Here is the full data flow for a single analysis request:

sequenceDiagram
    participant C as Client
    participant ST as Storage
    participant SOL as Solana
    participant W as Workers

    C->>ST: 1. Upload media
    C->>SOL: 2. Submit request (hash, URI, fee, modalities)
    W->>SOL: 3. Detect new request
    W->>ST: 4. Download media
    W->>W: 5. Run detection models (GPU)
    W->>SOL: 6. Submit commit (hash of result + salt)
    Note over SOL: 7. Commit window closes
    W->>SOL: 8. Submit reveal (actual result + salt)
    SOL->>SOL: 9. Consensus aggregation
    SOL-->>W: 10. Distribute rewards
    SOL-->>C: 11. Result available

What DFPN Controls vs. What Operators Control

This separation of concerns is fundamental to DFPN's design.

DFPN Controls Operators Control
Request routing and matching Hardware and infrastructure
Commit-reveal protocol Model selection and deployment
Consensus aggregation Inference execution
Reputation scoring Which requests to accept
Reward distribution Scaling and capacity planning
Slashing enforcement Software updates and maintenance
Model benchmarking Model training and improvement

DFPN is deliberately minimal in what it controls.
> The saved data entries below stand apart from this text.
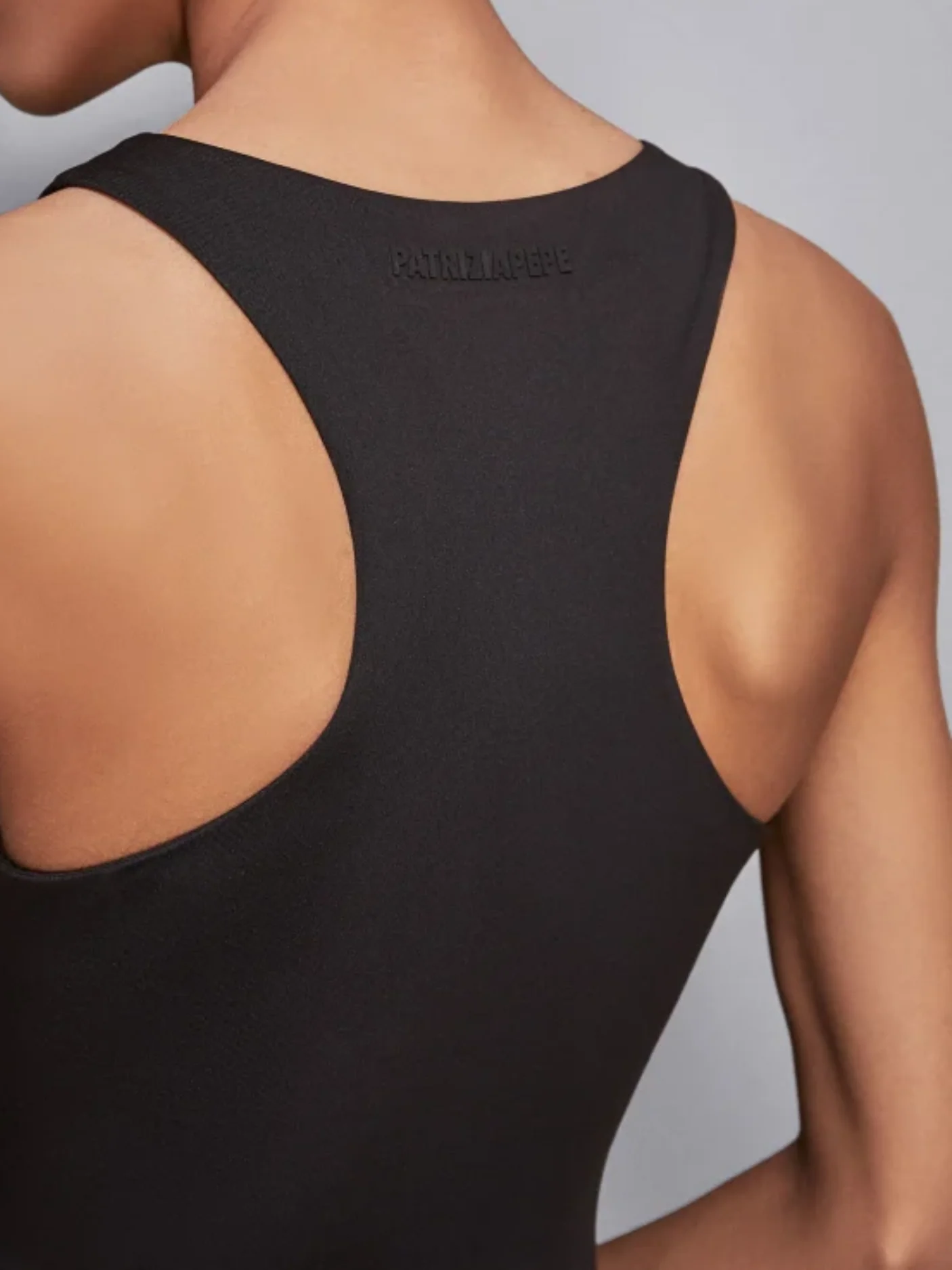 Lo scollo tondo e l’assenza di maniche esaltano il portamento e la femminilità con semplicità e classe. Il logo tono su tono è un dettaglio discreto che completa il look con una firma distintiva.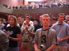 [DOWNLOAD AUDIO: "Diversity & Size" 367KB] "At Duke, I think that we have it great because most of our classes have 25 to 30 kids in 'em. Here, most of 'em have 15 to 20... it's just a great way to get an education." Coach K mentioned that DePauw's basketball teams went to the final 4 (women's) and final 8 (men's) in last spring's NCAA Division III tournament, and revealed his Tiger connection: the nephew of DePauw men's head coach Bill Fenlon is Casey Sanders, a senior on the Duke team.
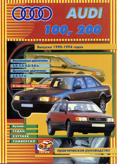 Справочное руководство по ремонту и техобслуживанию автомобилей Audi 200 / Audi 100 1990-1994 гг. выпуска, оборудованных бензиновыми двигателями рабочим объемом 2,0, 2,2, 2,3, 2,8 литра и дизельными двигателями рабочим объемом 2,4, 2,5 литра.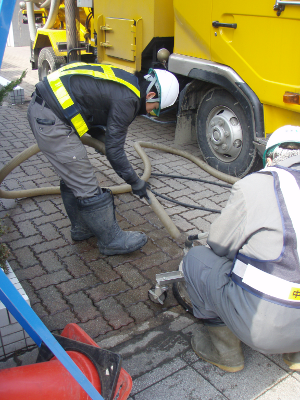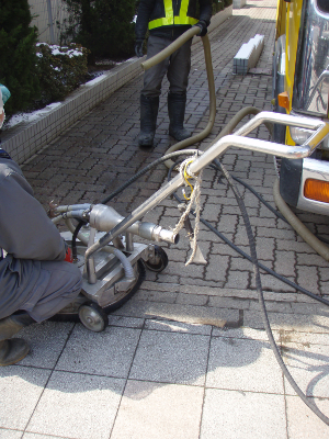 At a main street, cleaning of a sidewalk with a high pressure water jet machine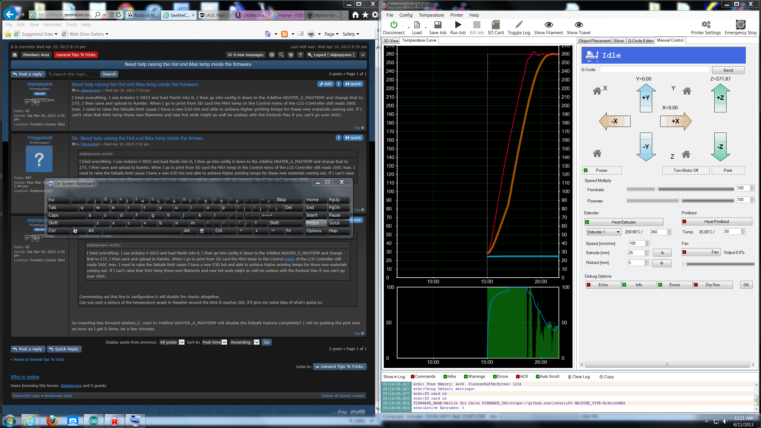 So inserting two forward slashes,//, next to #define HEATER_0_MAXTEMP will disable the failsafe feature completely? I will be posting the pick now as soon as I get it done, be a few minutes.Polygonhell wrote:Commenting out that line in configuration.h will disable the checks altogether.elqisqeyano wrote:I tried everything. I use Arduino V 0023 and load Marlin into it, I then go into config H down to the #define HEATER_0_MAXTEMP and change that to 275, I then save and upload to Rambo. When I go to print from SD card the MAX temp In the Control menu of the LCD Controller still reads 260C max. I need to raise the failsafe limit cause I have a new E3D hot end able to achieve higher printing temps for these new materials coming out. If I can't raise that MAX temp these new filaments and new hot ends might as well be useless with the Rostock Max if you can't go over 260C.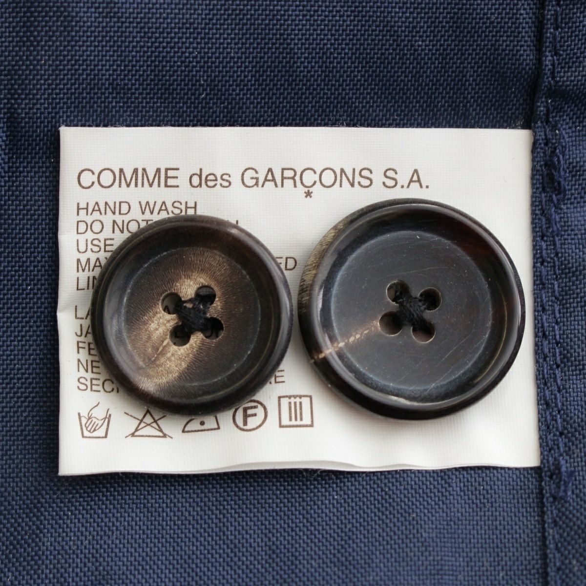 ダメージ箇所: 第一ボタンに縫製解れ、背面左上部に擦れ/毛羽立ち、保管臭のようなニオイ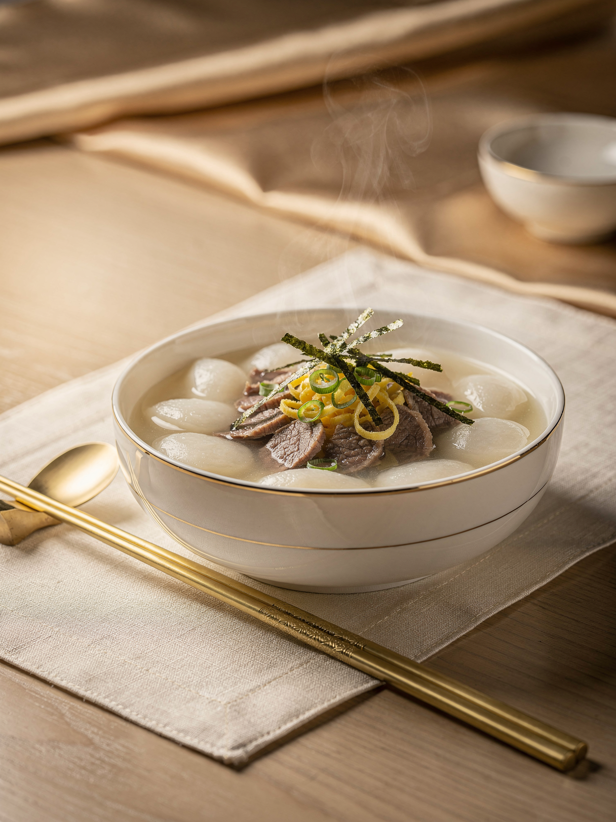 명절 떡국의 정석인 고기 육향이 국물의 깊이를 결정한다.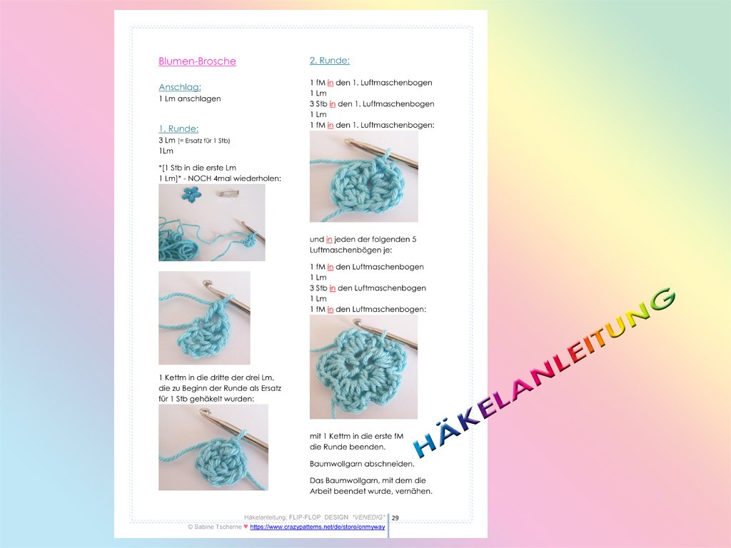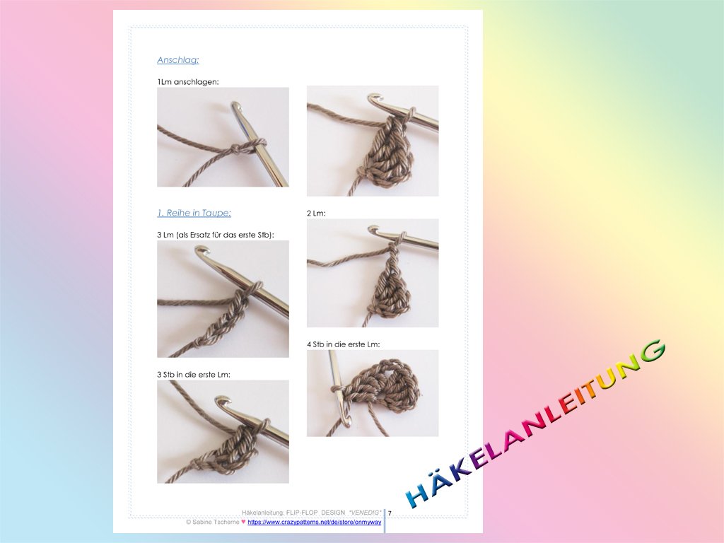 Alle Arbeitsschritte und die verwendeten Häkelmaschen werden in der Häkelanleitung sehr genau erklärt und mit vielen Abbildungen veranschaulicht. Die Anleitung umfasst 33 Seiten und ist geeignet für Flip-Flops in den Größen: 30/31, 32/33, 34/35, 36/37, 38/39, 40/41, 42/43, 44/45.

The protocol coordinates and incentivizes, but all detection work happens on infrastructure owned and operated by independent participants.


Design Principles

Minimize On-Chain State

Solana accounts are expensive. DFPN stores only hashes, scores, and minimal metadata on-chain. Media files, detailed results, and model weights all live off-chain.

Operator Independence

Workers and model developers make their own decisions about hardware, models, and capacity. The protocol does not dictate which GPU to buy or which framework to use. This enables a diverse ecosystem where participants compete on quality and cost.

Economic Alignment

Every protocol rule is backed by economic incentives. Workers earn more by being accurate and available. Model developers earn more when their models perform well. Bad behavior costs real tokens through slashing. This alignment means the protocol does not need a central authority to enforce quality.